The usually timid Bank of England shocked markets with a 0.50% interest rate hike yesterday, taking the base rate to 5%. Yields on gilts rose as a result but GBP moves did not follow, with very similar price action following last week's overshoot on inflation. As we know, higher interest rate expectations have made GBP the best performing currency in the G10. But, focus now seems to be on concerns of the impact of further tightening on the UK economy, and particularly the property market.

Fed Powell maintained his stance that more rate hikes are needed in order to get to their inflation goal. Two Fed members added to this view, providing impetus for markets to start to back the USD again.

Today

Market rates

* Daily move - against G10 rates at 7:30am, 23.06.23

** Indicative rates - interbank rates at 7:30am, 23.06.23

Data points

Speeches

  • EUR – ECB Vujcic, De Cos, and Panetta

Our thoughts

So where now for GBP? Ultimately it will come down to whether markets continue to focus on the short term and chase the higher yield that GBP assets can offer, or focus on the longer term concerns of higher interest rates on the economy. Yesterday’s price action seems to suggest there is doubt in chasing GBP higher, particularly now that we could be at the peak of where markets think UK interest rates will go to - we’ve seen similar price action on USD and EUR in recent months for the same reason. To me it seems the issue of rising borrowing costs and the damaging impact on households and the economy will be the likely focus for markets when it comes to GBP.
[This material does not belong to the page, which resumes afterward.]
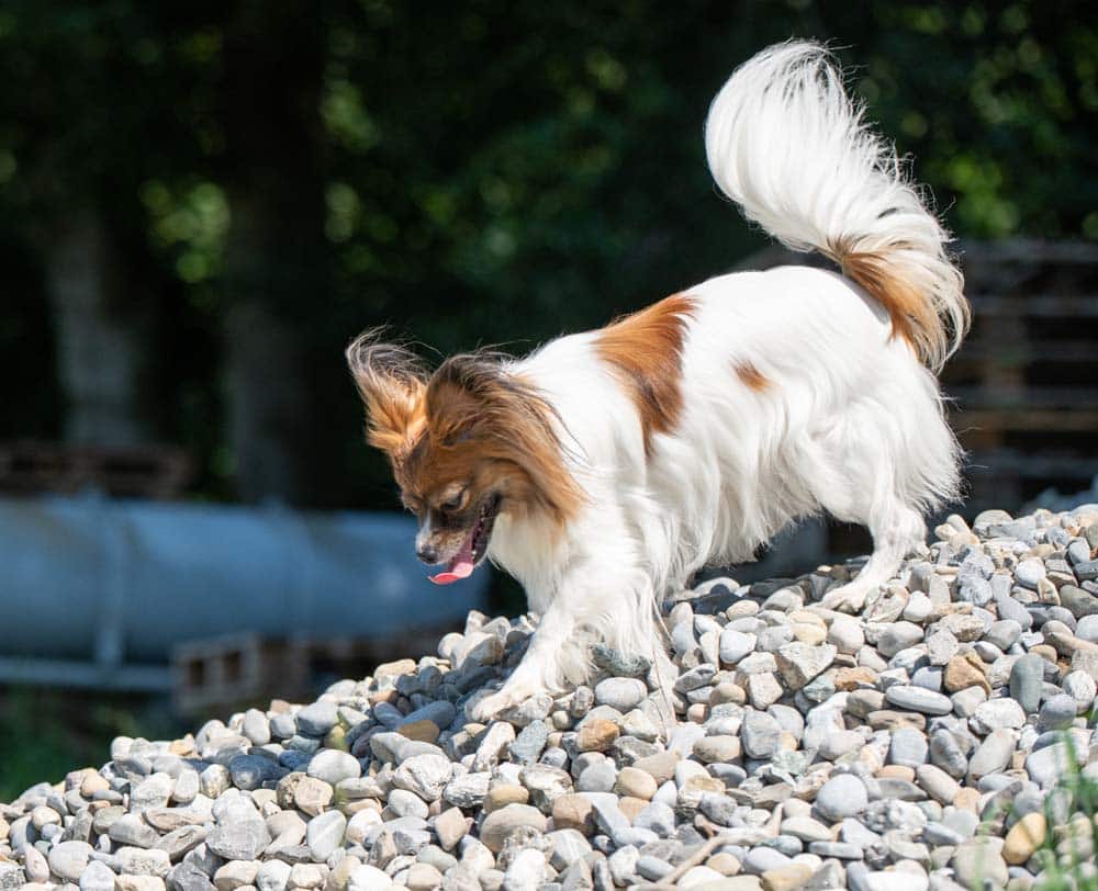 Geländeübergänge finden Sie in der Natur noch und nöcher. Gemeint sind damit z.B. der Übergang von einem Feldweg in eine Wiese, von Teer zu Schotter, von sandigem Untergrund zu Gras. Diesen Untergrundwechsel kann Ihr Hund nicht nur optisch wahrnehmen, sondern natürlich auch über die Sohlen seiner Pfoten. Und dies können Sie sich zunutze machen. So können Sie z.B. das Rückwärtsgehen trainieren. Dafür würden Sie indoor ein sogenanntes Bodentarget etablieren, auf das Ihr Hund seine Hinterpfoten stellen soll. Outdoor lernt Ihr Hund einfach, den Untergrundwechsel als Hilfe für seine Position wahrzunehmen. Gehen Sie folgendermaßen vor:

With focus in the markets turning from chasing yields to growth, today's PMI numbers will give a good gauge in terms of how each economy is doing. The EURhas turned negative already this morning, with French PMI numbers suggesting that their services and manufacturing sectors contracted in June. US Treasury Secretary Janet Yellen spoke last night suggesting she sees a lower chance of a recession from the US this year. This seems be boosting demand for USD as well.

Chart of the day

Markets continue to price in the prospect of seeing interest rates rise to 6% - levels last seen in 2000. The case for a soft landing of the UK economy seems to be reducing, with households set to face a squeeze on household income. Since March 2022 the average 2-year fixed mortgage rate has trebled to 6%. According to the Institute for Fiscal Studies, based on current rates, the cost of the average mortgage will rise by £280 a month, which is twice the increase from average energy bills seen after the war in Ukraine began. We’ve already had two years of declining real incomes - a mortgage squeeze will add to this further and we have to ask ourselves, how much will this damage the economy? If talk of a UK recession becomes a dominant market narrative, then it will be tough for GBP to hold onto gains over the course of this year.